Showing posts with label RC-10. Show all posts
Showing posts with label RC-10. Show all posts

Wednesday, May 14, 2008

Leif's Junior High School Science Fair Projects




Leif found a way to combine his fascination with radio-controlled model cars with science experiments in seventh and eighth grades. He first designed an ingenious way to test the effect of different tire treads on battery life and the distance the car would travel on a charge. He had several different types of tires with vastly different tread patterns. It would be interesting to see how this kind of research would translate into today's world with real cars and find out how a variety to tread patterns would affect gas mileage.

In eighth grade, he got even more sophisticated, designing an experiment to measure the effect of gear ratios on speed and battery life. The RC-10 was a versatile car that could be modified in many ways, and there were many parts available to do that with. One was the gear system that tranferred the motion from the drive shaft to the wheel axle. By changing gear sizes, a different torque would be created.

Leif was a student who always insisted on doing his own work, and although there were times he did the minimal amount to get by, when he had an interesting assignment that challenged his incredible mind, he got deeply involve and produced outstanding work. Unfortunately, he was not a lover of academics and always maintained that he hated school. Actually, it wasn't school so much that he hated. It was mindless assignments and homework. Learning in class he often enjoyed, and assignments that caught his interest led to terrific work. He was fortunate at Northwood Junior High in Highland Park, Illinois, to have science and language arts teachers that really engaged his mind and he did some of his best work there.

The gear ratio experiment was selected to go on to the state science fair in Illinois, where it received a very high rating.

Friday, May 9, 2008

Leif's "First Car" - the RC-10


When Leif was in junior high school in Highland Park, Illinois, he was too young to have either a car or a driver's license, but too old for the Matchbox cars. That's when he discovered radio-controlled cars. He save his allowance and gift money to spend on them. The first kit he bought was made in China and in those days (about 1986) the "English" instructions were nearly unreadable. With his mechanical skills, he figured out how to put it together and soon had it racing up and down the street.
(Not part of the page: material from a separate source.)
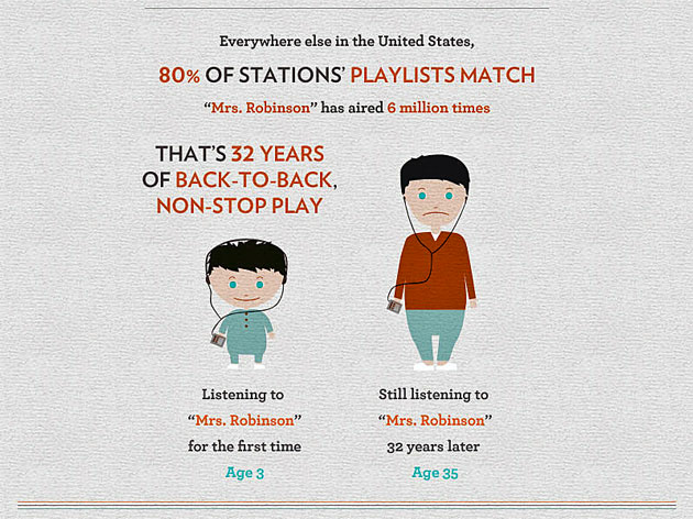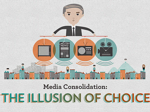 Où l’on y voit que la fusion de Comcast et NBC leur assure le contrôle de 20% des heures disponibles et le monopole de 11 marchés entiers dont New York et Chicago ; que 178 millions de personnes s’informent chaque mois avec des journaux appartenant à Time Warner ; que News Corp détient les plus gros journaux sur trois continents et ont “évité” de payer 875 millions de dollars en 2010 – ou encore que Clear Channel possède 1 200 stations de radio tandis que la loi lui interdit d’en posséder plus de 40, et que dans le Dakota du Nord elle possède même localement l’intégralité du réseau. Bref, une infographie qui est jolie et qui informe, et qui fait donc son boulot.
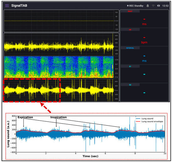 The developed patch sensor was placed on the chest of a volunteer subject to evaluate its performance as a cardiovascular system health monitoring device. Since the auscultation points for the heart sounds are different from those for the lung sounds, the developed patch was placed at two different locations on the chest. First, the heart sounds and the ECG signal were recorded simultaneously by placing the proposed patch sensor on the tricuspid valve auscultation point of the subject’s chest, who was asked to hold their breath during the recording to acquire a neat and less noisy heart sound signal. A continuous and real-time measurement was obtained for 5 min. Figure 11 below shows the measured data. The upper panel in the software shows the ECG signal. Compared to the standard ECG signal, which contains the P wave, QRS complex, and T wave, the ECG signal measured using the developed patch contained all those three components with an almost similar pattern. The upper part of Figure 11 shows a detailed graph of the signal collected after being saved to the tablet. The onset of the QRS complex was marked with the letter Q. The peak-to-peak amplitude of the measured ECG was found to be 300 mV, which is in the normal range for an adult subject [31]. The second panel shows the measured heart sound signal, in which the first and second heart sounds (S1 and S2) are clearly visible. This signal pattern is similar to the standard heart sound signal measured from the tricuspid valve auscultation point. In addition, a detailed graph of the heart sound signal is shown in the upper graph with clarification on how the interval, S1, and S2 intensities were calculated. In addition, the envelope of the signal that outlines its extremes was calculated and displayed. The EMAT value, which is the time difference between the onset of the Q signal and that of the first heart sound, was calculated from the acquired data, and it was found to be 76 ms. This value is physiologically reasonable for healthy adults [32], and it ensures the synchrony of the measured data. The heart rate value calculated was found to be 72 beats-per-minute, which is also within the normal range for healthy adults.

Of course, typical of Leif, he had to have a better one . . . and a better one. The top of the line in those days was the RC-10. It was expensive and it took him awhile to save up the money, but boy, was it fast and sleek! Not content with the "out of the box" version, he spent what seemed to be an endless amount of money on different gears, wheels, bodies, and then modified the body. You can see in this photo that he drilled numerous holes in the aluminum chassis to make it lighter and therefore faster.

The RC-10 proved to be his ticket to two outstanding science fair projects. First, in seventh grade, he designed and carried out an experiment on how different tire treads affected battery life and the length the car could go on a single charge. In 8th grade, he went all the way to the Illinois State Science Fair with his intricate and excellent experiment on how different gear ratios affected speed and distance. Perhaps in the next couple of days I'll post photos of him with his science fair displays.

The obsession with radio-controlled cars had an added benefit. Leif had always maintained he didn't like to read, and getting him to read school assignments and books for book reports usually was an unpleasant chore. However, he loved reading about model cars, sports cars and radio-controlled cars and subscribed to several magazines about them, which he read avidly.

Actually, it wasn't that Leif didn't like to read, just that he didn't like the kind of reading he was required to do. Hand him the "right" book, like Orson Scott Card's Ender series, beginning with Ender's Game, and he couldn't put it down.

One amusing thing about his subscriptions was the other mail he got because of them. Evidently the profile for someone subscribing to Car and Driver magazine, for instance, must have been for a yuppy, or at least a young man with some cash, and of age. Leif got frequent credit card offers at the age of 13 or 14. We had no success in stopping the flood of them until one night he sat down and filled out one of the applications . . . truthfully, stating his occupation as "junior high school student," and his income as his meager allowance, etc. To bad we couldn't have seen the face of whoever opened it.

I don't know what happened to his RC-10. I think he had it at least until he went into the Army in 1998, maybe even after that.

Among his things when he died was a radio-controlled car. Still having fun. Now his nephew will enjoy playing with it.